Well-documented and active community: Being around for a longer time, Puppeteer has a mature and well-documented ecosystem. The active community ensures continuous support, regular updates, and a wealth of resources for troubleshooting and learning.

Selenium: Widely Adopted and Cross-Platform

Industry standard for browser automation: Selenium has long been the go-to framework for browser automation and web scraping. It supports multiple browsers, including Chrome, Firefox, Safari, and Edge, making it a versatile choice.
Multi-language support: Selenium supports a range of programming languages, including Java, Python, C#, Ruby, and more, catering to developers with diverse language preferences.
Extensive browser compatibility: Selenium's broad browser compatibility makes it suitable for scraping scenarios where cross-browser testing or scraping from different browser environments is necessary.
Established ecosystem and integrations: Selenium's maturity is reflected in its extensive ecosystem, including plugins, integrations with popular testing frameworks, and ample community support.

Choosing the Right Framework for Your Needs

Consider your specific requirements: When deciding between Playwright, Puppeteer, and Selenium, evaluate factors such as browser compatibility, language support, automation capabilities, community support, and your familiarity with the programming language.
Scalability and future-proofing: Consider the scalability of your scraping project and the potential need for cross-browser compatibility or integration with other tools. Playwright's cross-browser capabilities make it a compelling choice for long-term flexibility.
Project complexity and learning curve: Puppeteer's simplicity and focused approach may be preferable for straightforward scraping tasks, while Selenium's extensive ecosystem and documentation make it a solid choice for more complex scenarios.

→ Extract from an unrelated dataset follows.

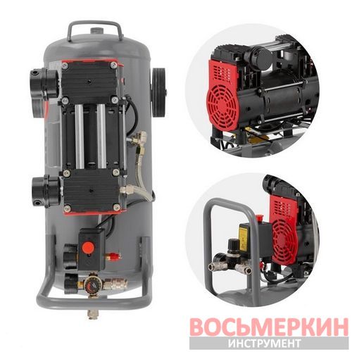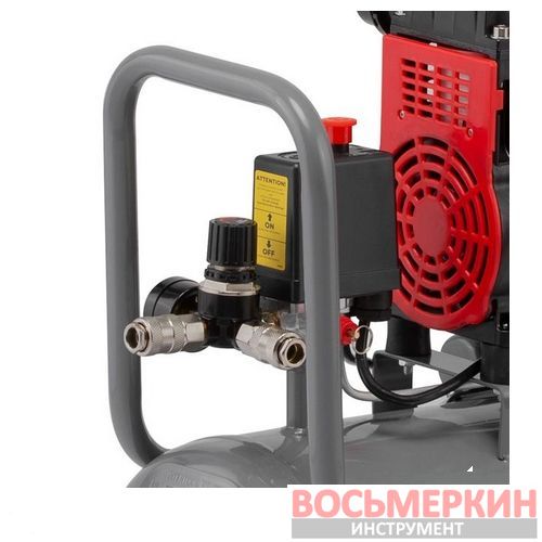 Отличительной чертой безмасляного компрессора является работа без использования смазки поршневой системы, а также низкий уровень шума 68 дБ. Вам не нужно каждый раз контролировать уровень масла, в итоге компрессор очень простой в обслуживании. Для регулировки давления в ресивере и на выходе установлены два манометра с редуктором, что позволяет регулировать и постоянно поддерживать выходное давление необходимое вашему инструменту или оборудованию.

Here we have compared Playwright, Puppeteer, and Selenium, highlighting their key features, strengths, and considerations. By understanding the nuances of each framework, you can make an informed decision that aligns with your web scraping objectives.

Comparison of performance

As mentioned in the previous section, it is challenging to compare every scenario due to the significant differences in programming languages and supported browsers.

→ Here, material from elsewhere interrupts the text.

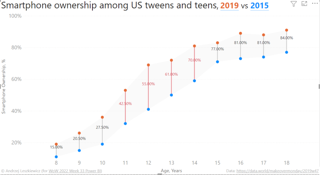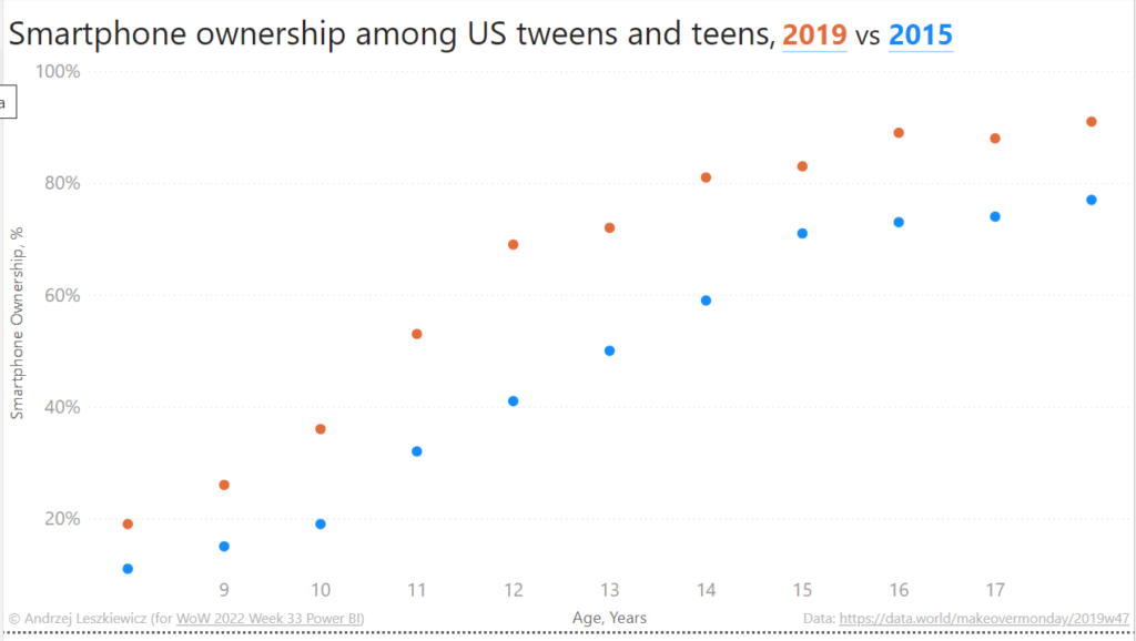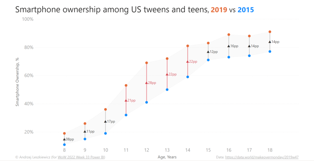 Then I formatted Axis X, Axis Y, added a title and a text box with “2019 vs 2015” text, a few foot notes and it’s complete.

The only combination that can be directly compared is when using JavaScript to automate Chromium. This is the only combination supported by all three tools.

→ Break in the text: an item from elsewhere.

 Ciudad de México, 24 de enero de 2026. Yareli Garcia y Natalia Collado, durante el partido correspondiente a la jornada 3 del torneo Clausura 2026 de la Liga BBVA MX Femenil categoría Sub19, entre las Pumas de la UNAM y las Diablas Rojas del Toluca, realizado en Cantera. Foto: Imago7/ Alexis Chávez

Providing a detailed comparison is beyond the scope of this article. However, you can find more information about the performance of Puppeteer, Selenium, and Playwright in the linked article. The main takeaway is that Puppeteer is the fastest, followed by Playwright. It's worth noting that in some scenarios, Playwright has shown better performance. Selenium is the slowest among the three options.

It's important to remember that Playwright offers additional advantages, such as multi-browser support and compatibility with multiple programming languages.

If you prioritize fast cross-browser web automation or if you are unfamiliar with JavaScript, Playwright becomes the only viable choice for you.

Conclusion

This article delved into the capabilities of Playwright as a web testing tool that is also well-suited for web scraping dynamic websites. With its asynchronous nature and cross-browser support, Playwright has emerged as a popular alternative to other tools. The article provided code examples in both Node.js and Python to showcase Playwright's versatility.

Playwright offers a range of functionalities, including navigating to URLs, entering text, clicking buttons, and extracting text. What sets it apart is its ability to extract dynamically rendered text. While other tools like Puppeteer and Selenium can perform similar tasks, Playwright shines when it comes to working with multiple browsers or languages other than JavaScript/Node.js. If you require such capabilities, Playwright is an excellent choice.